Good points... like it or not we can't ignore cost and who/how/when things get paid off.


----------



## Smiling Jane (Oct 26, 2017)

According to the Center on Budget and Policy, Medicare is not in the kind of trouble that's being claimed. I loath the gummit playing politics with my health care.

https://www.cbpp.org/research/health/medicare-is-not-bankrupt


----------



## Lethe200 (Oct 26, 2017)

Smiling Jane said:


> According to the Center on Budget and Policy, Medicare is not in the kind of trouble that's being claimed. I loath the gummit playing politics with my health care.
> 
> https://www.cbpp.org/research/health/medicare-is-not-bankrupt



Unfortunately, this paper from the CBPP points out that it is ACA which is responsible for the extending and stabilizing of Medicare finances. 

The GOP right wing and President are determined to undermine ACA. The Federal court has just ruled against the states who sued to immediately reinstate the subsidies which Trump canceled. They lost Wednesday 10/25/2017. The second part of the lawsuit, against the Trump administration itself, does continue and will be decided in early 2018.

Since subsidies are at the heart of ACA, if the states lose the next round in the courts in 2018, ACA is effectively dead. Insurers will lose money for 2018 because they had to submit their plans for inclusion to each state well before Trump canceled the subsidies. 

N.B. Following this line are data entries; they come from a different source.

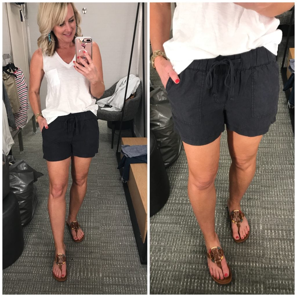 It may be a chilly Spring, but Summer is coming…and if you’re in the South with me, you know shorts are essential. These linen shorts have a wide elastic waist with drawstring and deep pockets…and pretty much perfect. These are the shorts you buy in every color, and wear every weekend. I paired them with my fave pocket tank.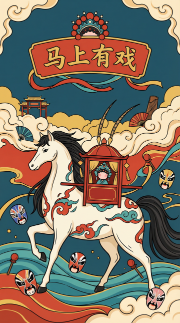国潮插画风,融合皮影与剪纸元素,拟人化马车承载戏曲角色,喜庆祥云环绕,展现中式古典与民族韵味,节日氛围浓厚。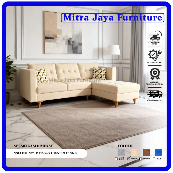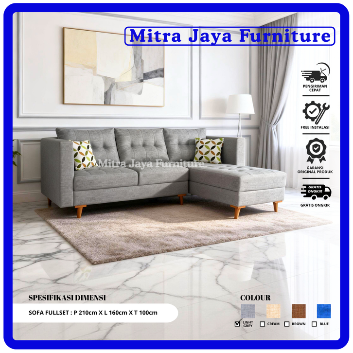 Free Ongkir Sofa L Santai Sett Premium Simple Elegan Empuk Bahan Soft/ Mitra Jaya Furniture

Both states and insurers were guessing in May 2017 what might happen; that's why a lot of premiums rose for 2018 and many insurers withdrew from various regions as a CYA move. Anthem, for example, only sells in 3 counties in CA for 2018, whereas in 2016 they sold in 27.

What the CBPP link shows is that Medicare is not bankrupt, but it is under increased financial stress if ACA is undermined (sicker, older people will cost Medicare more). It is true an increase in the Medicare payroll tax will help, but that's been true for years. I haven't seen much political will to actually DO it. 

The political reality is that the two most active political forces are the Right Wing and the Libertarians. Neither is supportive of higher taxes, especially payroll taxes. 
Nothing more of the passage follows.